▶ STUDY MATERIAL:
____
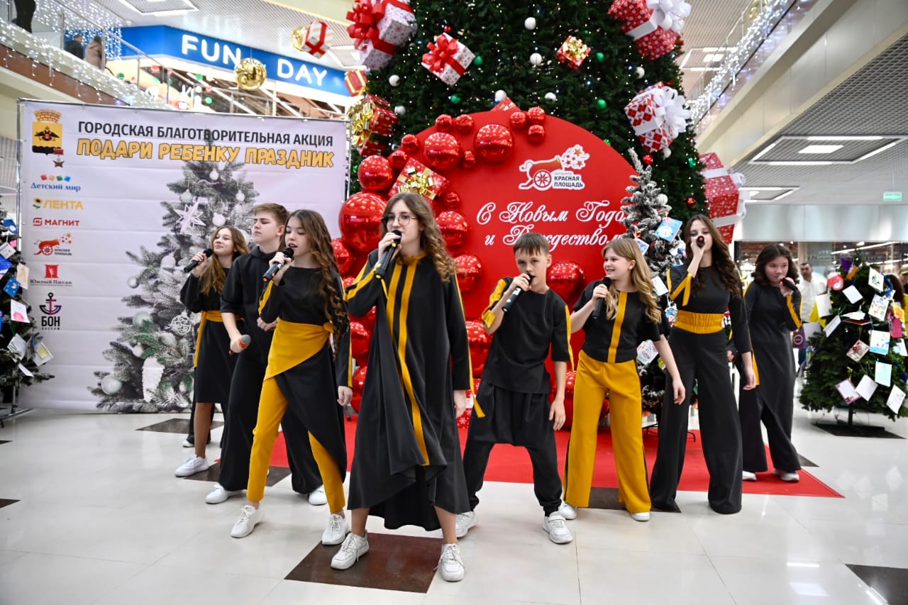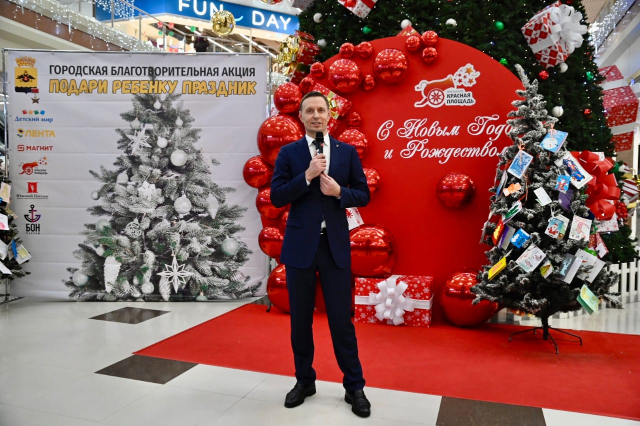 8 декабря 2023 г. в ТЦ «Красная площадь» с участием главы города Андрея Кравченко прошло торжественное открытие благотворительной акции «Подари ребенку праздник!».
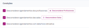 Desconsiderar agendamentos dos profissionais: nessa parametrização você pode informar sobre quais profissionais não deseja que os lembretes sejam enviados.
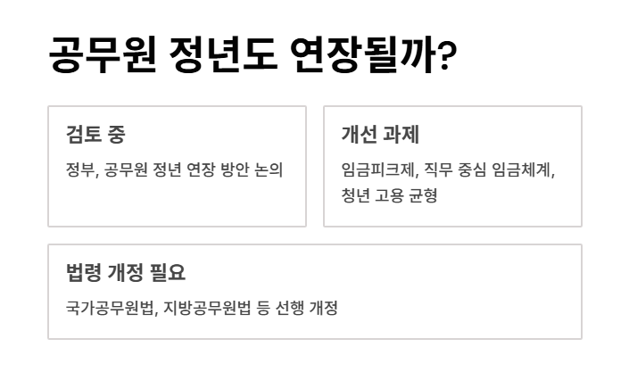 공무원 정년 연장은 국가공무원법, 지방공무원법 등 관련 법령 개정이 선행되어야 하며, 향후 사회적 논의와 함께 점진적으로 진행될 가능성이 큽니다.
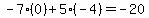 I see a small arithmetic error in your first equation. Multiplying the right side by 2 gives (2)(-20)=-40 so your new equation would be -14x+10x=-40.
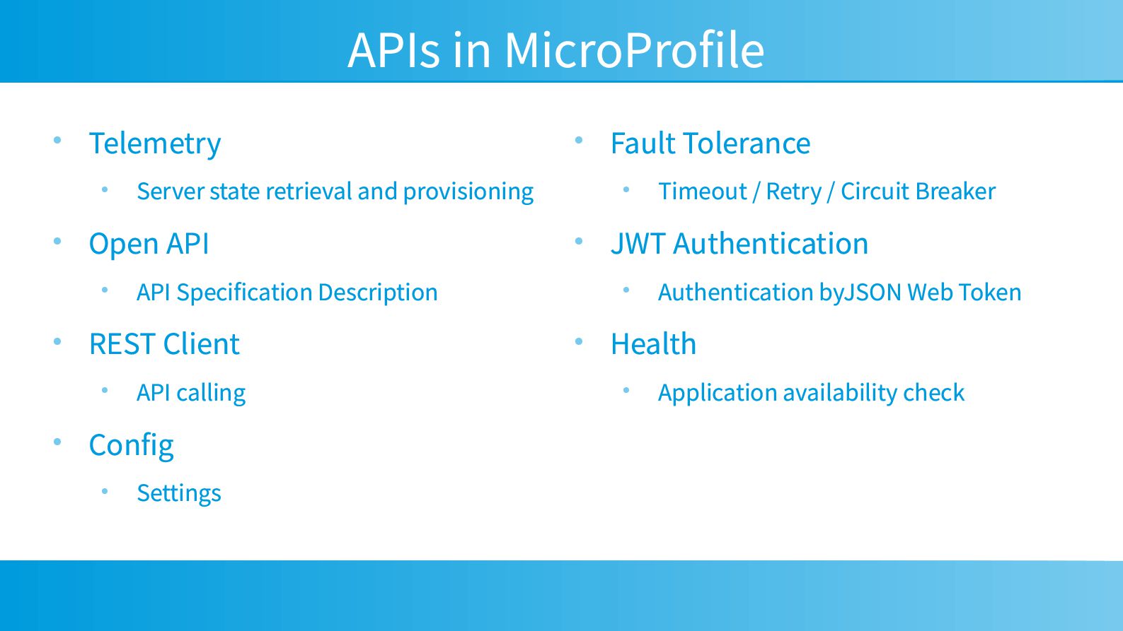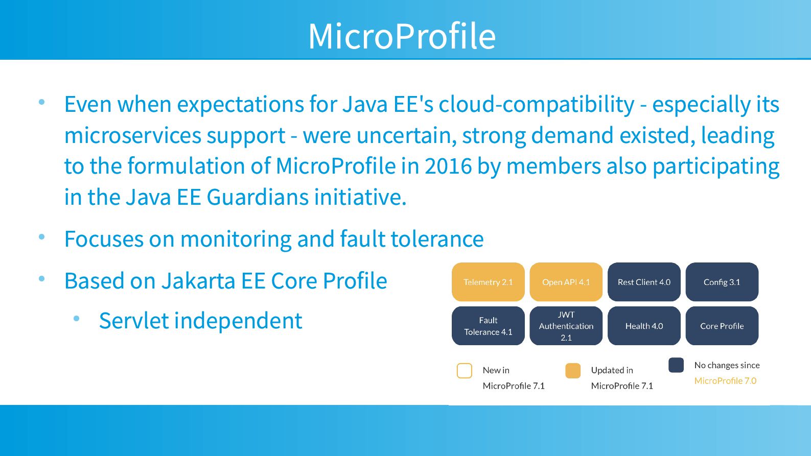 especially its microservices support - were uncertain, strong demand existed, leading to the formulation of MicroProfile in 2016 by members also participating in the Java EE Guardians initiative. • Focuses on monitoring and fault tolerance • Based on Jakarta EE Core Profile • Servlet independent
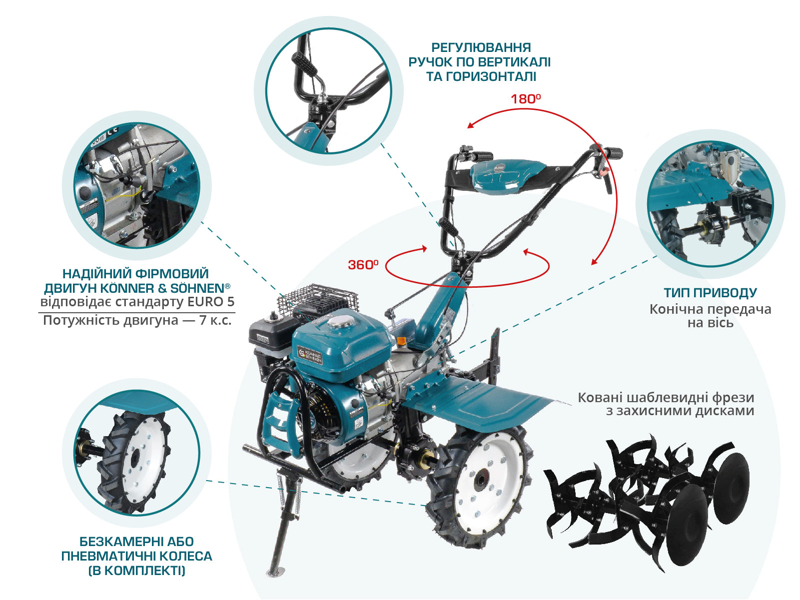 Базово ви отримуєте сам культиватор з фрезами і кермом. Корисні доповнення: захисні диски, додаткові секції фрез, сошник, транспортні колеса, мірна каністра для пального, подовжувач із захистом для електромоделей. Для бренду Konner & Sohnen доступні сумісні аксесуари та запчастини.
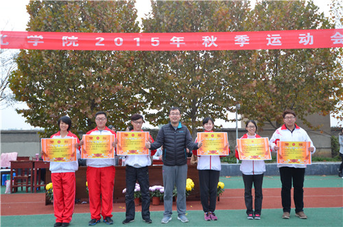 11月14日,大乐透 2015年秋季运动会在西操场举行,参加此次运动会的有大乐透 2014级和2015级全体同学。大乐透 党总支副书记王慕东、分工会主席吕厚轩、团总支书记王建阳、2012级辅导员李春玲、2014级辅导员韩琳琳以及学生会主席团成员等出席了开幕式。
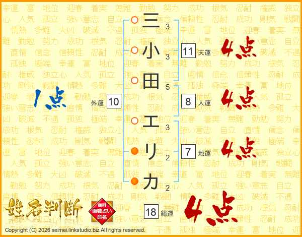 三小田エリカさんの総運は18画の4点!
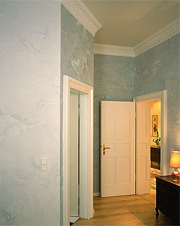 Der dominierende Ton in diesem Schlafzimmer ist ein sanftes, luftiges Blau, das einen ruhigen, erholsamen Schlaf unterstützt.
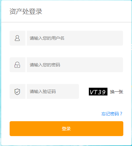 点击右上角院所管理,选择“资产处登录”,输入用户名、密码以及验证码后即可。
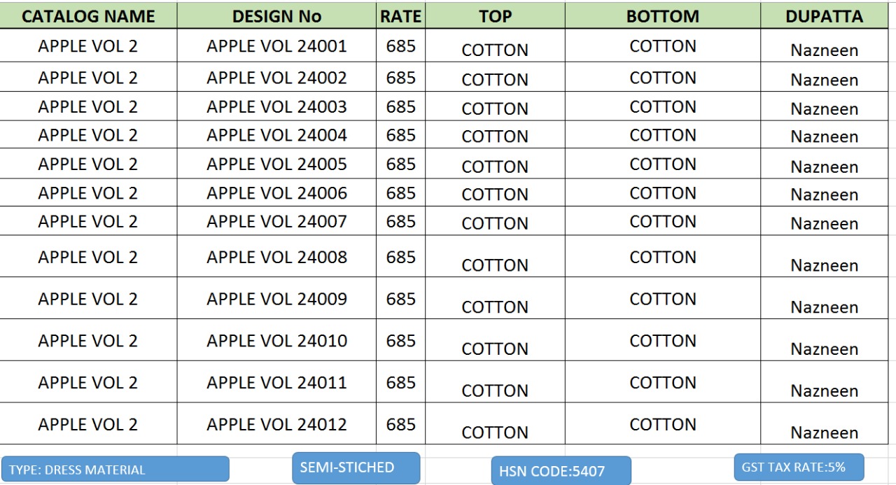 Buy Online Apple Vol 2 By Nitya Nx 24001 Series Fancy Cotton Salwar Kameez Catlog Wholesale Dealer And Supplier Surat 12 Pcs of Full Catalogue at Wholesale Price. Looking for Apple Vol 2 By Nitya Nx 24001 Series Fancy Cotton Salwar Kameez Catlog Wholesale Dealer And Supplier Surat Full Catalouge at Best Price? Buy Now Apple Vol 2 By Nitya Nx 24001 Series Fancy Cotton Salwar Kameez Catlog Wholesale Dealer And Supplier Surat at Wholesale Rate of Rs 8220 with Total 12 Pcs from authroized dealer and supplier of NITYA NX Brand. Cost of Each piece is just only Rs 685 which is very low and affordable price to resale the product in your retail store ,This is Surat based Wholesale Supplier & Dealer of NITYA NX Brand. Click on Brand name to Know more about NITYA NX Brand's products.Call or Whatsapp on 9898838984 for booking or enquiry
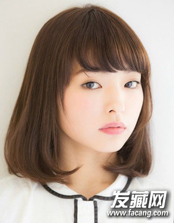发型点评:别致的斜刘海打造出碎发效果的设计,隐约露出的眉毛清新感十足。及肩的内扣波波头优雅修颜。
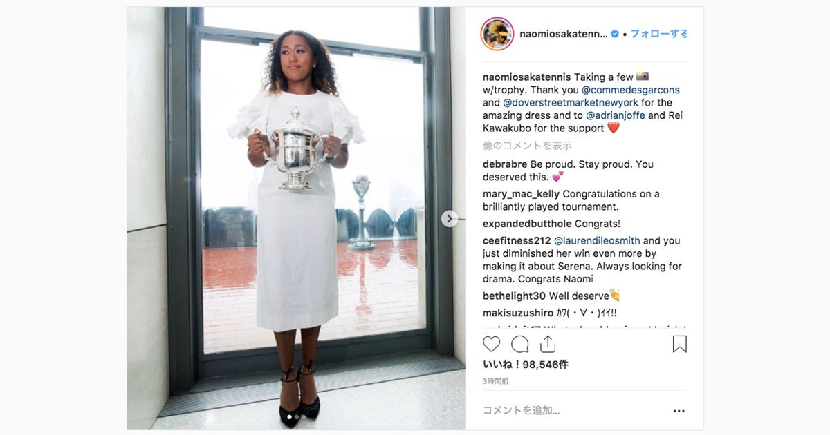 【話題記事】大坂なおみを「コム デ ギャルソン」もお祝い 白いドレスを提供
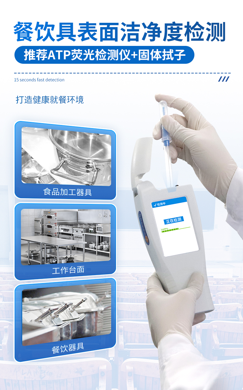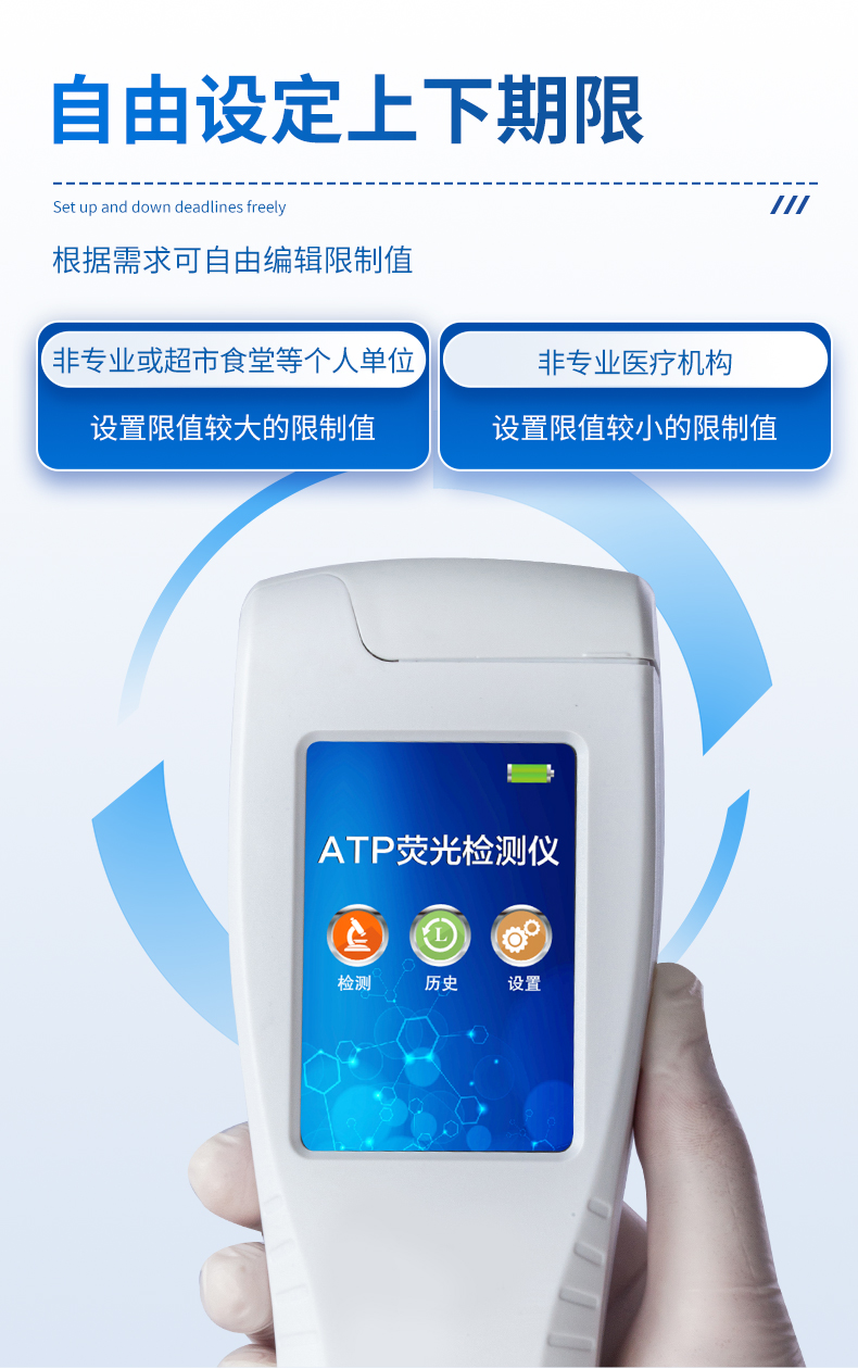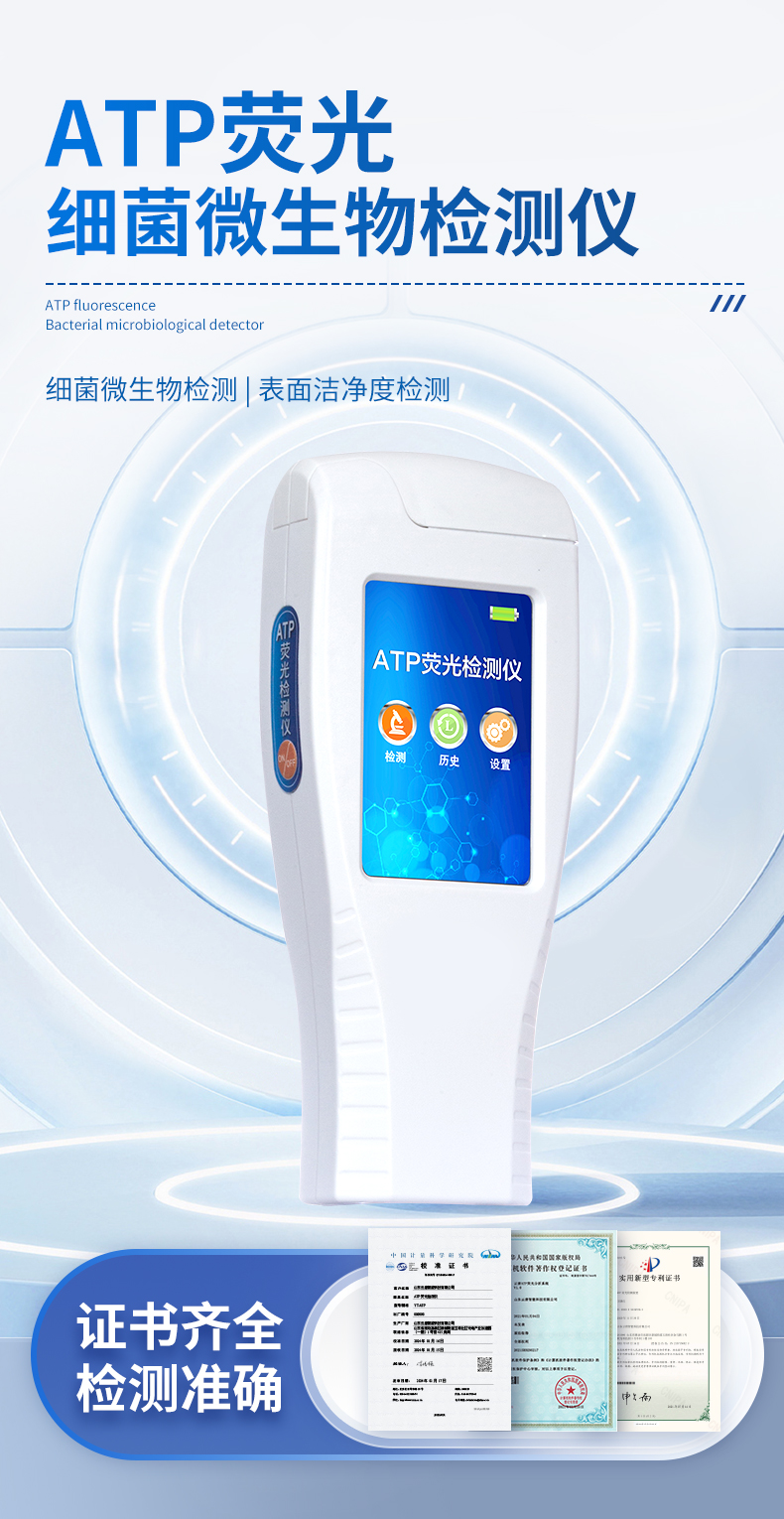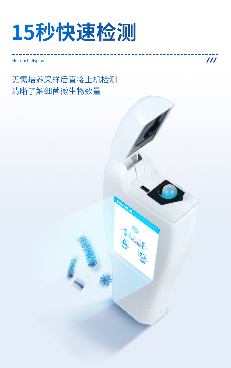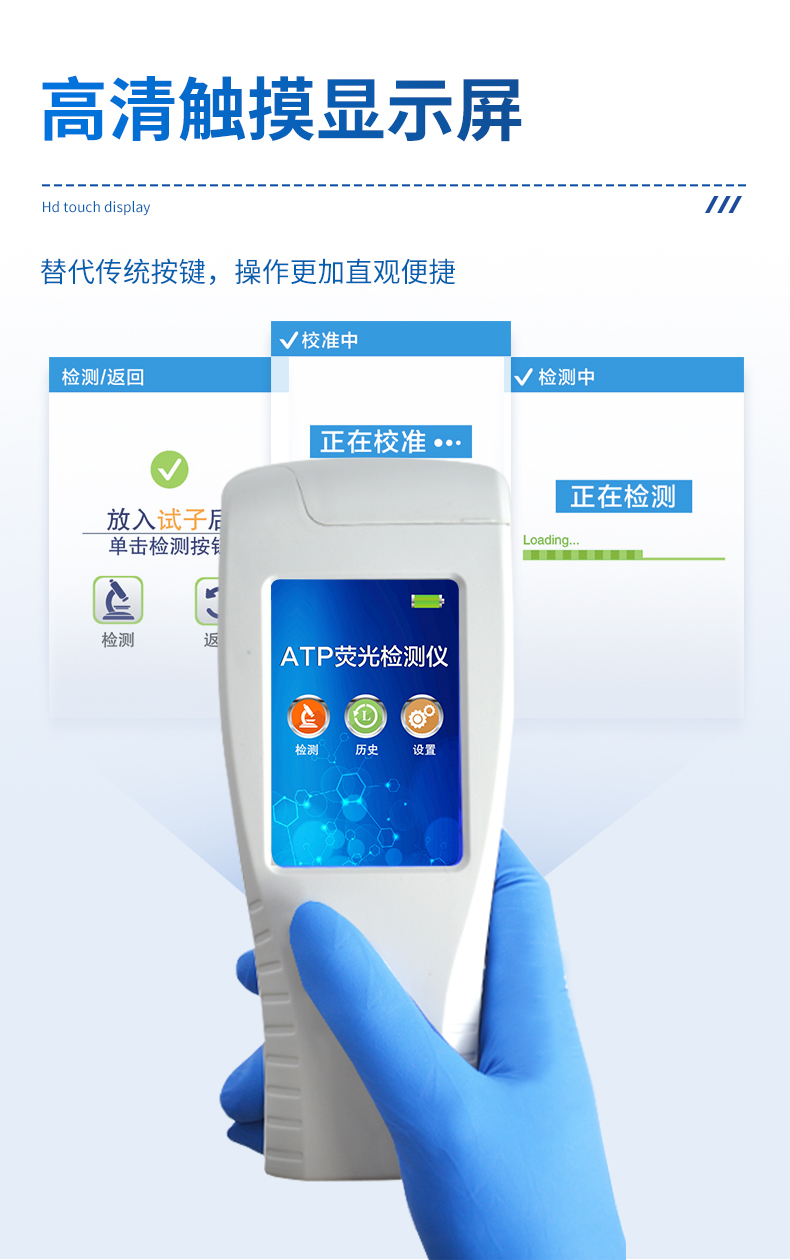 该设备为全新升级产品,大屏幕触摸显示屏,代替传统按键。操作采用生物化学反应方法检测ATP含量,ATP荧光检测仪基于萤火虫发光原理,利用“荧光素酶—荧光素体系”快速检测三磷酸腺苷(ATP)。ATP拭子含有可以裂解细胞膜的试剂,能将细胞内ATP释放出来,与试剂中含有的特异性酶发生反应,产生光,再用荧光照度计检测发光值,微生物的数量与发光值成正比,由于所有生物活细胞中含有恒量的ATP,所以ATP含量可以清晰地表明样品中微生物与其他生物残余的多少,用于判断卫生状况。
____
▶ ACTIVITY:
Return the opening line of the data above and every line after it up to and including the line that holds "I see a small"; pictures stay out.

▶ OUTPUT OF THE TASK:
 8 декабря 2023 г. в ТЦ «Красная площадь» с участием главы города Андрея Кравченко прошло торжественное открытие благотворительной акции «Подари ребенку праздник!».
 Desconsiderar agendamentos dos profissionais: nessa parametrização você pode informar sobre quais profissionais não deseja que os lembretes sejam enviados.
 공무원 정년 연장은 국가공무원법, 지방공무원법 등 관련 법령 개정이 선행되어야 하며, 향후 사회적 논의와 함께 점진적으로 진행될 가능성이 큽니다.
 I see a small arithmetic error in your first equation. Multiplying the right side by 2 gives (2)(-20)=-40 so your new equation would be -14x+10x=-40.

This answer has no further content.